Main Idea: Jesus is the greatest prize.
Much of my life can be characterized by the phrase, “Jack of all trades, master of none.” I’ve never really been the best at anything, but I am proud to say that I’m mediocre at a ton of things.
Back in high school, I remember competing to be the best in a lot of areas. I competed to get the best grades, and I ended up graduating second in my class, not first. I competed in 5k races, and I never got the gold medal, or any medal for that matter.
What are you really trying to gain in this life? Maybe you’re trying to gain enough money to retire, or a certain level of comfort, or a certain way of life. Maybe you’re trying to gain something for someone else, like a happy life for your kids or your spouse.
So take just a moment to try to answer this question for yourself. What is the prize that you’re trying to gain in your life?
However you answer that question shows what it is that you value the most. Maybe you value your reputation, or your family, or your accomplishments. Maybe you value your possessions, or your bank account, and you look forward to walking on streets made of gold. Maybe you have young children and you just value peace and quiet. All of these things have their place, and they can be good things. But I hope to remind you this morning of what is most valuable in life, so that you might see what it is that you can most gain.
Please turn with me to Philippians 3. We’re going to begin reading at the end of verse 3. Please stand with me for the reading of God’s word.
If anyone else thinks he has reason for confidence in the flesh, I have more: circumcised on the eighth day, of the people of Israel, of the tribe of Benjamin, a Hebrew of Hebrews; as to the law, a Pharisee; as to zeal, a persecutor of the church; as to righteousness under the law, blameless. But whatever gain I had, I counted as loss for the sake of Christ. Indeed, I count everything as loss because of the surpassing worth of knowing Christ Jesus my Lord. (Philippians 3:4b-8a)
The word of God for the people of God. Thanks be to God.

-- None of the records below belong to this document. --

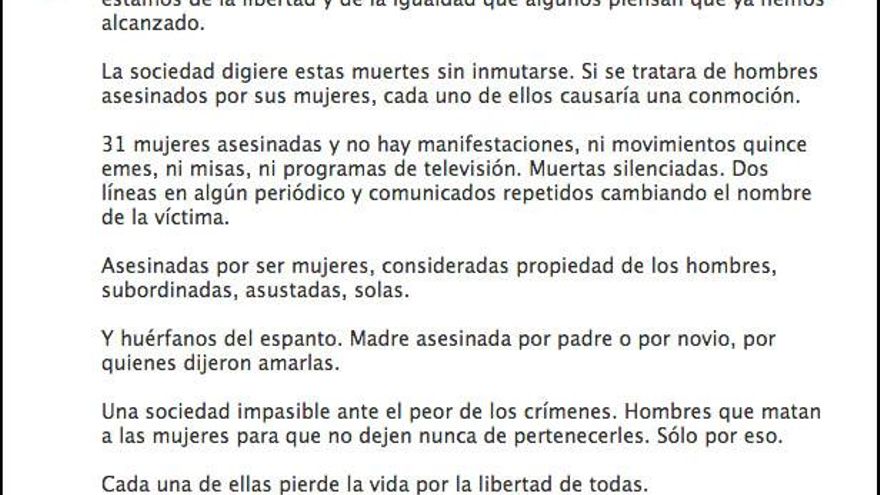 “31 mujeres asesinadas y no hay manifestaciones, ni movimientos quince emes, ni misas, ni programas de televisión. Muertas silenciadas. Dos líneas en algún periódico y comunicados repetidos cambiando el nombre de la víctima.”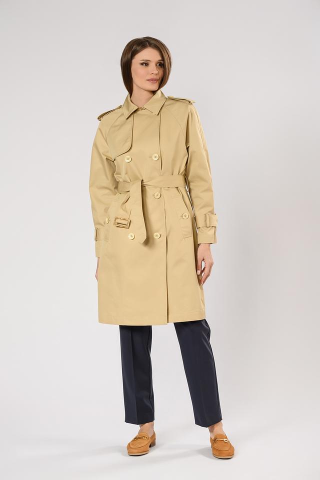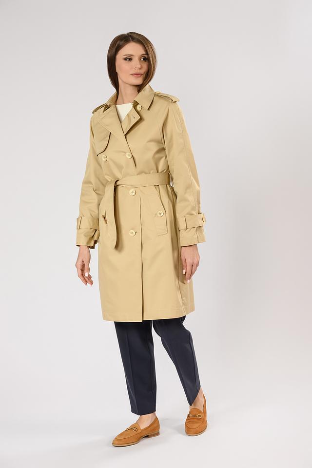 Бежевый плащ Penny Black Black – это классическая модель в стиле тренч, выполненная из хлопка с добавлением полиэстера. Плащ имеет двубортную застёжку, пояс и погоны на плечах, что придает ему элегантный и стильный вид. Состав: хлопок 66%, полиэстер 34%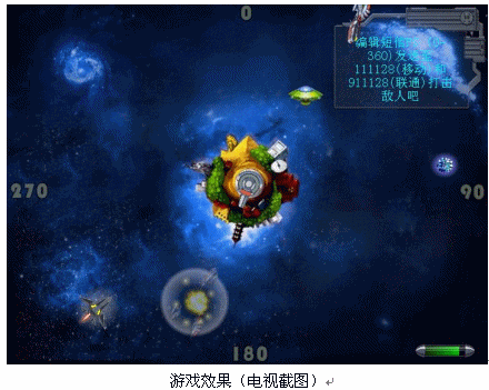 用戶根據(jù)游戲規(guī)則通過固定電話、小靈通和手機(jī)參與《地球保衛(wèi)戰(zhàn)》游戲,就能在短信、語(yǔ)音和電視畫面提示下完成游戲,觀眾通過電視就可以看到火爆的游戲畫面,仿佛如身臨其境;又可以通過參與游戲獲得積分,贏取大獎(jiǎng)。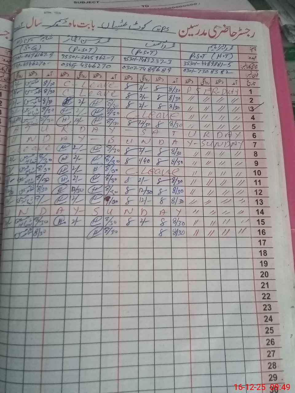 | CNIC | Full Name | Designation | R/C | Absence During Last Calender Month |

I hope I didn’t just spoil the movie for any of you, but I think you’ve had time to watch it by now. It’s only been out for almost 80 years.
In the movie Citizen Kane, Charles Foster Kane is basically abandoned by his parents, given over to be raised by the manager of his trust fund. And when he turns 25 years old, he gets access to his trust fund so that he never lacks anything ever again for the rest of his life. He has it all. He becomes successful, and famous. He could boast about his charm, and his intelligence, and his wealth. But ultimately he ruins himself and all those around him, so that at the end of his life, at the end of the movie, it’s revealed that the thing that he most valued was a sled that reminded him of the simple life as a child with his parents.
And it’s interesting to me that in the last scene of the movie, even Rosebud was burned up in a fire.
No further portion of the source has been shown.